Many of us have had the ill-fortune to encounter a few psychopaths or sociopaths or malignant narcissists.  Usually – if we’re normal people – they take us completely by surprise.  Many of them are extremely adept at concealing their inner natures, but they basically have NO EMPATHY.  No sense of compassion.  No kindness.  No love living inside of them.  Not even a little sprout.

It’s a shock, when we realize that.  That these are people who appear to be perfectly normal on the outside (in fact, in the case of narcissists, they may be very attractive on the outside) but have nothing but a dead, arid desert in their hearts.  What’s worse, many of them aren’t content with just being morally and ethically dead, they actually delight in causing harm to others.  Sociopaths may be content to live and let live (as long as you don’t cross them) but malignant narcissists and psychopaths go out of their way to fuck people up.  They don’t see other people as humans – they see them as prey.

It can still be difficult to get from that behavior to the concept of evil.  We tend to view, “evil,” in terms of moral wrongness and choice.  In other words, if we see a clear choice between loving kind behavior on the one hand and cruel, malicious behavior on the other and we choose to be cruel and malicious, then that’s evil.  The evil lies in perceiving the distinction between the two behaviors and choosing the one that causes harm.

Psychopaths, sociopaths, and narcissists don’t seem to have that sense of choice.  It’s not that they’re choosing to be evil rather than being kind, they simply have no concept of kindness.  What’s more, they view that lack of a sense of compassion as a strength.  They view normal people who have a conscience and try to be kind as weak and they go out of their ways to exploit that weakness.

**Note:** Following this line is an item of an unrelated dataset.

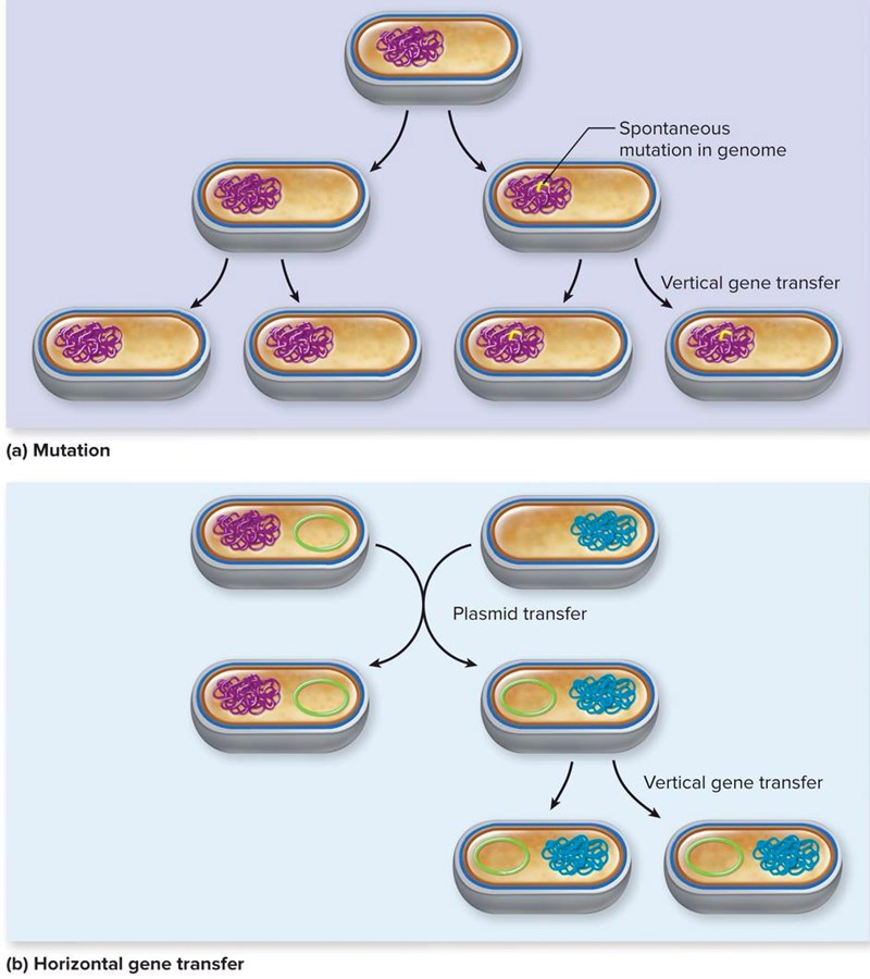 mag1 skrev:Vertikalt genflöde (eller vertikal genöverföring) sker från en organism till dess avkomma/dotterceller, och används ofta för att beskriva hur genöverföring av en viss gen (t.ex. med mutation eller en som gerantibiotikaresistens) sker hos en organism till de celler som bildas vid delning av denna organism - som med mutationen i a) delen av bilden, där mutationen ärvs genom vertikal genöverföring till dottercellerna.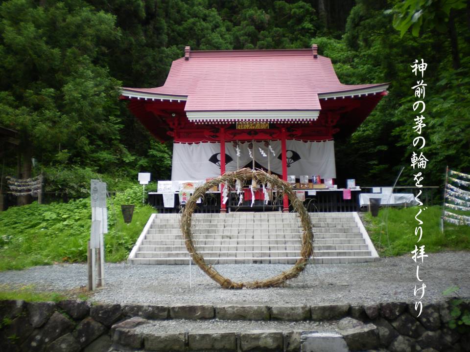 神前の茅の輪をくぐり拝しけり

So, in a classic sense of ethics, we can’t really see them as being evil, because they don’t have that capacity to choose between being a good human being and being a fucked up human being.  They’re just fucked up.  Period.

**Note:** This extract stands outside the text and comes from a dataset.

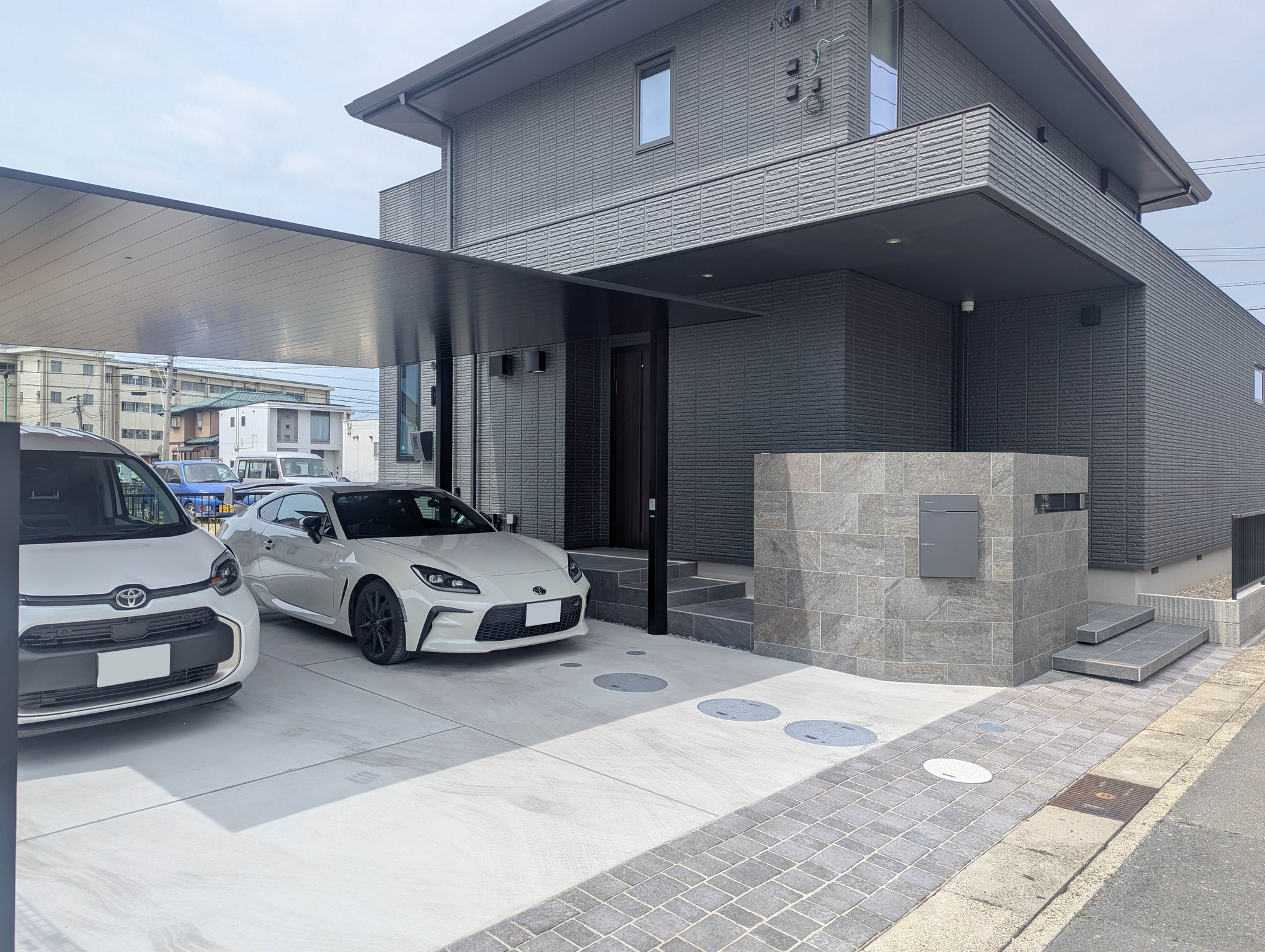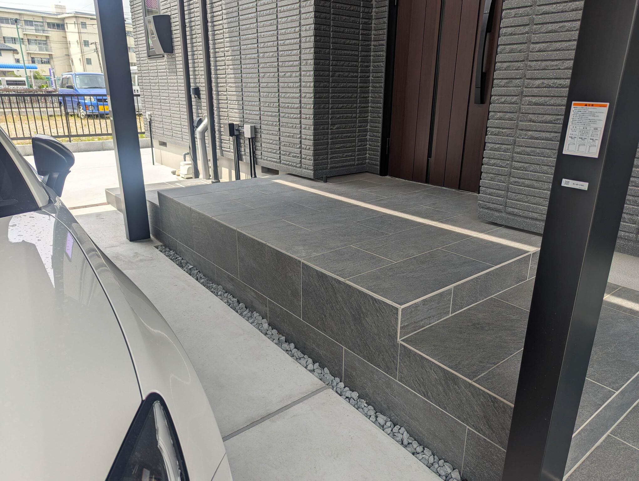 シックな建物との色味を合わせた新築外構。
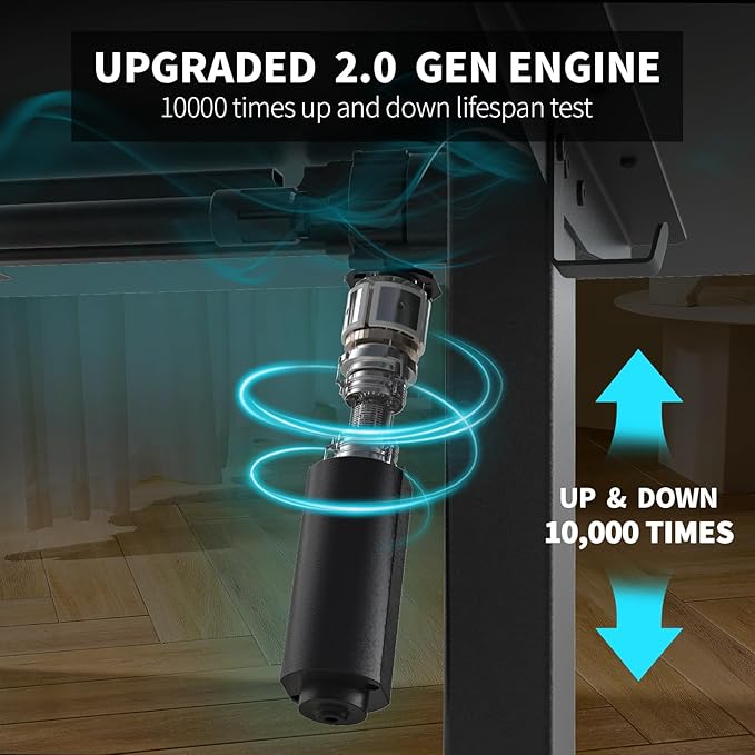 • ✨Excellent Cable Management & Hooks Design: Specially optimized the cable management of mobile electric standing desks. Enough adhesive straps for fixing the wire. Hooks on both sides of the adjustable standing desk are designed for Backpacks, headphones, or storage bags. DC motor can hold up to 180 lbs.

We may embrace the medical/psychiatric model and try to make excuses for them.  We look at them from a normal person’s point of view and think, “How awful it must be to live in a world of no love and no kindness.  Something horrifically traumatic must have happened to them to make them that terrible.”

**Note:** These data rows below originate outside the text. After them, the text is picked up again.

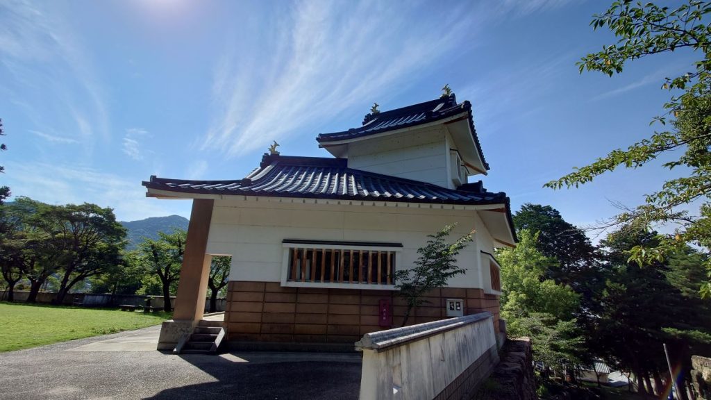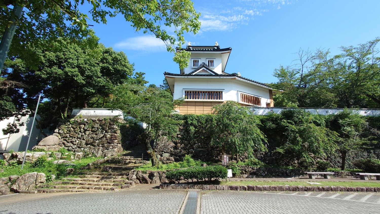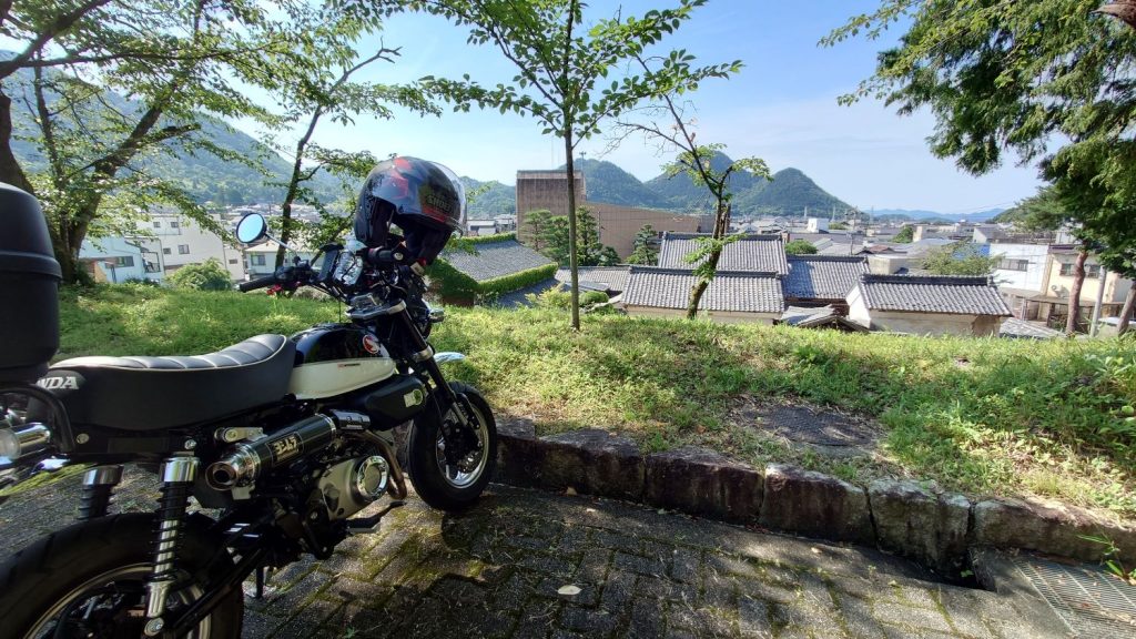 特に良かったのは、この城跡公園の駐車場からの眺めが最高だったことです。「うだつの上がる町並み」と周囲の山々の美しい景色を一望でき、思わずバイクと一緒に写真を撮ってしまいました。お城の裏手には長良川が流れており、訪れていた人々が川遊びやBBQを楽しんでいました。もし近くに寄る機会があれば、ぜひ立ち寄ってみてください。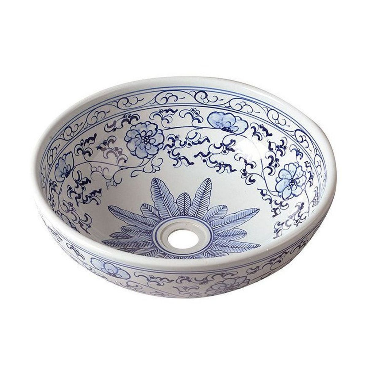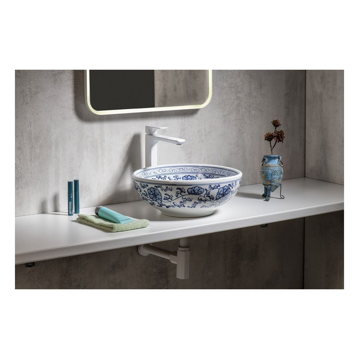Sapho Priori Waschbecken 41x41 cm rund Aufsatzwaschbecken weiß-blau PI012
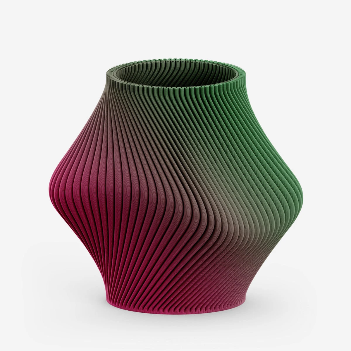 Die Bloz-Designfamilie hat eine asymmetrische und ein wenig klecksartige Form, die aus jedem Blickwinkel anders aussieht. Die Form ist ein schöner Hingucker, die feine Textur des Materials begeistert Augen und Hände. Und die Farbe: das Material schafft einen dramatischen Übergang von Rosa zu Grün. Diese Farbmorphose unterstreicht die Bewegung, die im Design der Bloz Vasen steckt, und erschafft einen fesselnden Eyecatcher für dein Zuhause.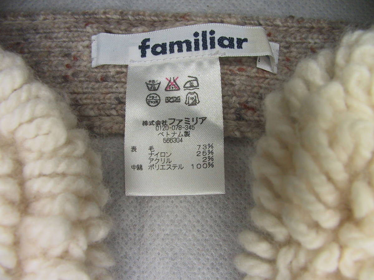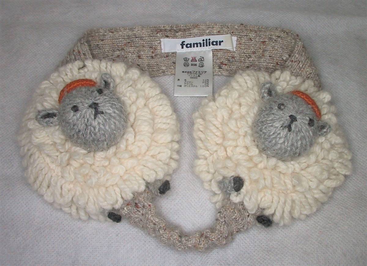 ファミリア familia のクマちゃん 立体刺繍いり/編みぐるみ付き イヤーマフ 耳当てです。数回使用の綺麗なお品です。素材:表ウール73%、ナイロン25%、アクリル2%、中綿ポリエステル100%。サイズ:頭部側のニット24㎝x幅3.5㎝、あご側のニット8~16㎝x幅2㎝。送料は定形外290円、ゆうパック1150円(北海道1740円、沖縄1450円)、レターパックプラス600円になります。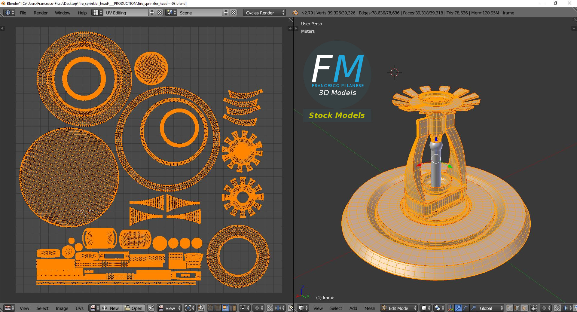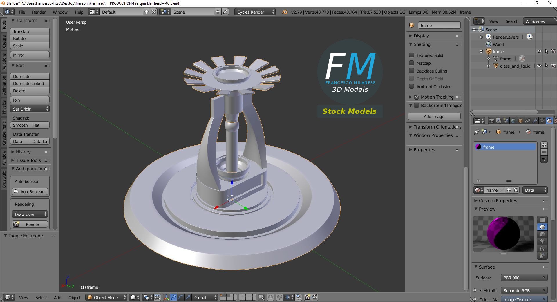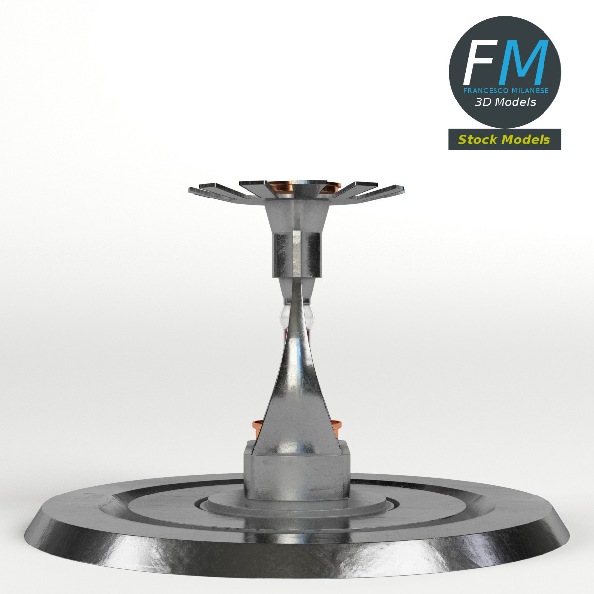 Fire sprinkler head 3D Model. 2 objects (frame, glass with liquid), each one with its own non overlapping UV Layout map, Material and PBR Textures set. Production-ready 3D Model, with PBR materials, textures, non overlapping UV Layout map provided in the package.

Well, yes and no.  Sociopaths, for instance, have brains that are measurably, physically different from those of normal people.  They appear to have been born that way.  Not all people who are born with that brain structure become sociopaths, however.  It seems that something has to happen in their environment to trigger the brain into becoming sociopathic.  It’s like they’re hardwired that way at birth, but someone or something has to throw the switch to activate the wiring.

Psychologists and researchers are still arguing about exactly what it is that throws the switch.  It could be emotional trauma, physical trauma, horrible parents, malnutrition, all of the above or – in some cases – none of the above.  A lot of sociopaths were born into wealthy, loving families. Somehow, though, they end up with NO feelings of compassion or empathy, with a total lack of the characteristics that make us fully human.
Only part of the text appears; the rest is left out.